Penyebab lainnya pada kasus asuransi gagal bayar karena ditemukannya
Fraud pada laporan keuangan serta tingkat bunga yang tinggi menyebabkan
keuangan perusahaan semakin berat. Artinya perusahaan harus membayar kembali
dana nasabah sekaligus bunganya yang tidak sedikit saat jatuh tempo. Sementara,
keuntungan atas pemanfaatan dana nasabah tidaklah sesuai dengan yang
dicantumkan dalam laporan keuangan resmi perusahaan.

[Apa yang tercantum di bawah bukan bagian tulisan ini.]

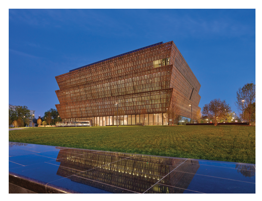
Figure 2: The three-tiered corona was inspired by West African Yoruba culture and art, the bronze-colored aluminum panels were modeled on ornamental ironwork made by slaves in Louisiana und South Carolina, and the main entrance serves as a reminder of porches used throughout the African diaspora.

In his book Bunch book describes in detail and in an entertaining and revelatory way that does not gloss over mistakes and failures the long process of deciding on a site, picking the architectural firm and the designers, the team of researchers and curators, the many meetings with politicians and possible donors, conflicts inside the Smithsonian, building up a collection, deciding on what to include in the exhibits and on the story lines, etc.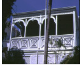
merchiston hall garden street geelong balcony detail view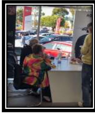
No, oficer, we're not signing for a deal after hours – just eating breakfast.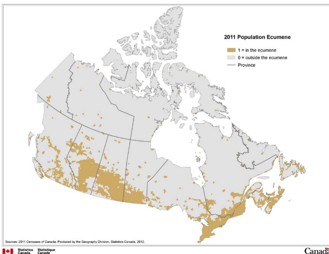
Figure 3.1 Example of an ecumene mask with the provinces and territories generalized cartographic boundary file

In choropleth map applications, one of the inherent limitations is that the statistical distribution is assumed to be homogeneous or uniformly spread over each geographic area, and is consequently represented by a single tone or colour covering the entire area. Using an ecumene limits the display to only those areas where population is found and results in a more accurate representation of the spatial distribution of data.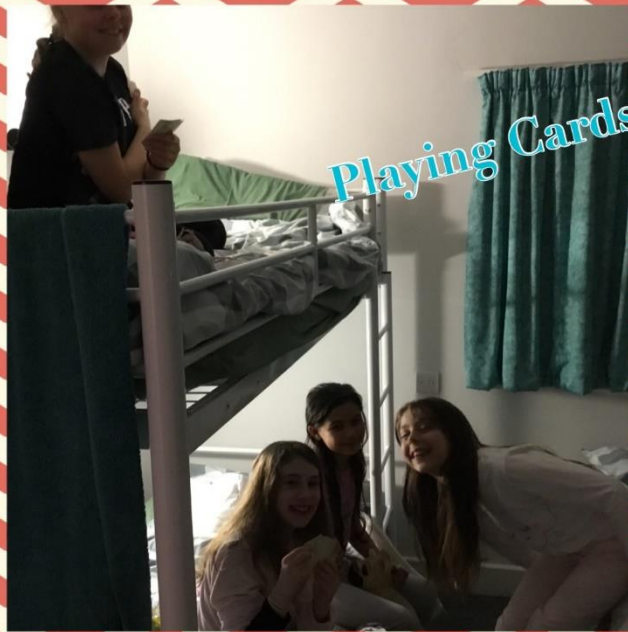
Playing Cards Before Bed...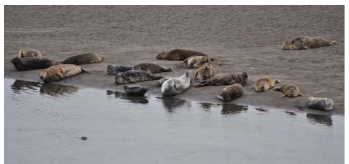
Harbor seals in Clam Lagoon.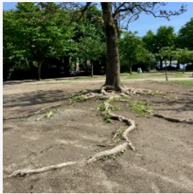
Tree roots that are uncovered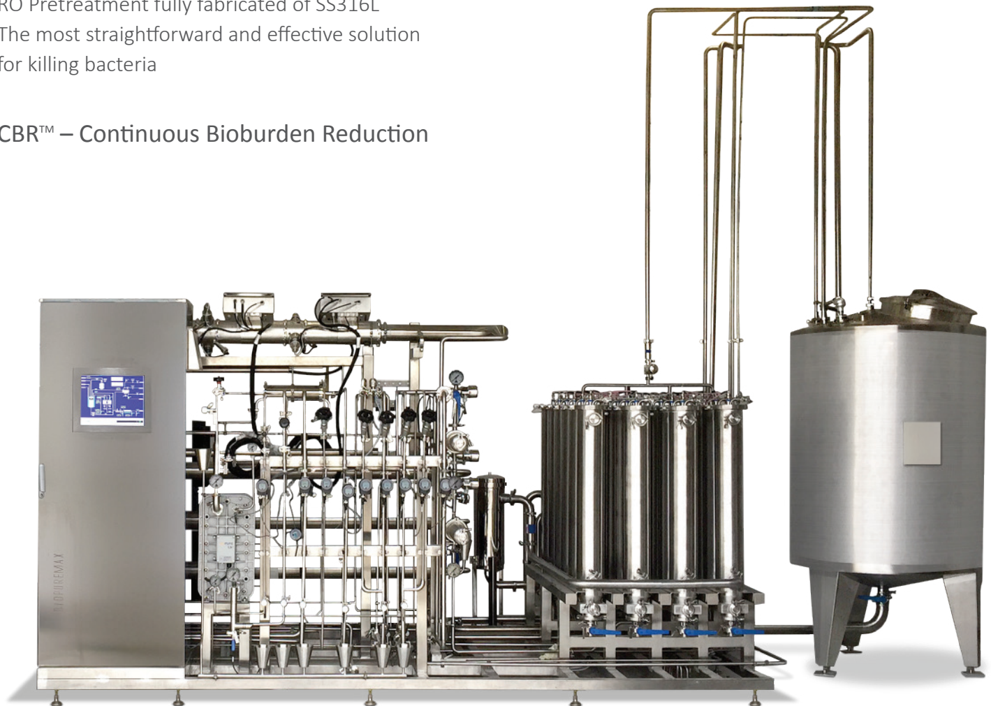
Complete System Supply

Treats the ESR water, by exposure to ultra violet radiation which decomposes the free chlorine and destruction of micro-organisms.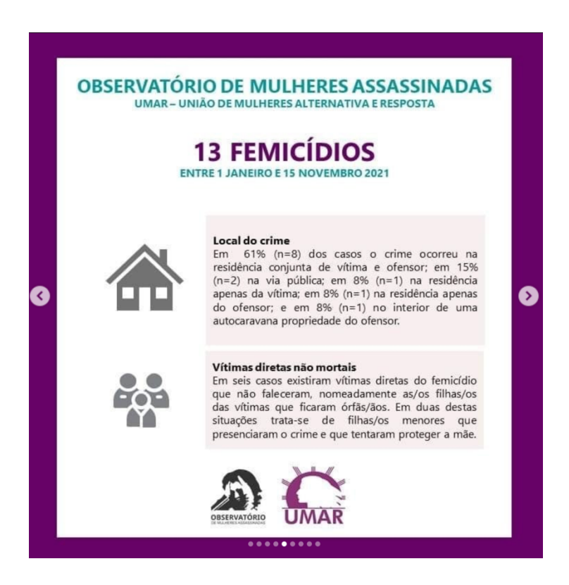
Figure 4: Instagram post @umar_feminismos

c. Serampangan dalam Berinvestasi


Dana yang dimiliki perusahaan asuransi atas penjualan produknya tentu akan
dikelola dengan baik agar menghasilkan keuntungan yang dapat meningkatkan
kekuatan perusahaan secara finansial. Tak hanya itu, keuntungan tersebut juga
dipergunakan untuk memberikan imbal hasil kepada para nasabah. Sayangnya,
pengelolaan dana asuransi yang kurang menerapkan asas prudent bisa
menyebabkan asuransi gagal bayar. Misalnya terlalu serampangan dalam
berinvestasi dan kurang memperhatikan manajemen risiko banyak menginvestasikan
dana nasabah pada saham tidak likuid yang konsisten naik. Akibatnya, risiko gagal
dan derita kerugian senantiasa membayangi perusahaan asuransi ini. Benar saja,
saham yang diborong terpuruk di pasar keuangan, sehingga berdampak pada tingkat
keuntungan yang diperoleh pun tidak maksimal, bahkan mengalami kerugian.

d. Lemahnya di Pengawasan
Kasus gagal bayar perusahaan asuransi yang terjadi dalam beberapa tahun
terakhir disebabkan oleh lemahnya pengawasan dari regulator. Hal ini menyebabkan
kesenjangan antara ketatnya aturan dengan lemahnya pengawasan di lapangan oleh
Otoritas Jasa Keuangan. Industri dengan peraturan yang ketat dan sudah berjalan
baik yang sering menjadi contoh adalah sektor perbankan, terutama setelah krisis
1998 dan 2008. Sayangnya, tidak demikian dengan yang terjadi dalam Industri
Keuangan Non Bank (IKNB) karena masih ada jarak antara peraturan dengan
pengawasan. Secara berkala, triwulan dan tahunan ada bermacam-macam laporan
dari manajemen risiko, laporan keuangan namun sangat lemah berkaitan dengan
kajian pengawasan. Dalam kasus gagal bayar, sebenarnya laporan dikirimkan kepada
OJK, tetapi langkah yang dilakukan oleh OJK seperti penghentian produk atau
kegiatan usaha tidak pernah dilakukan.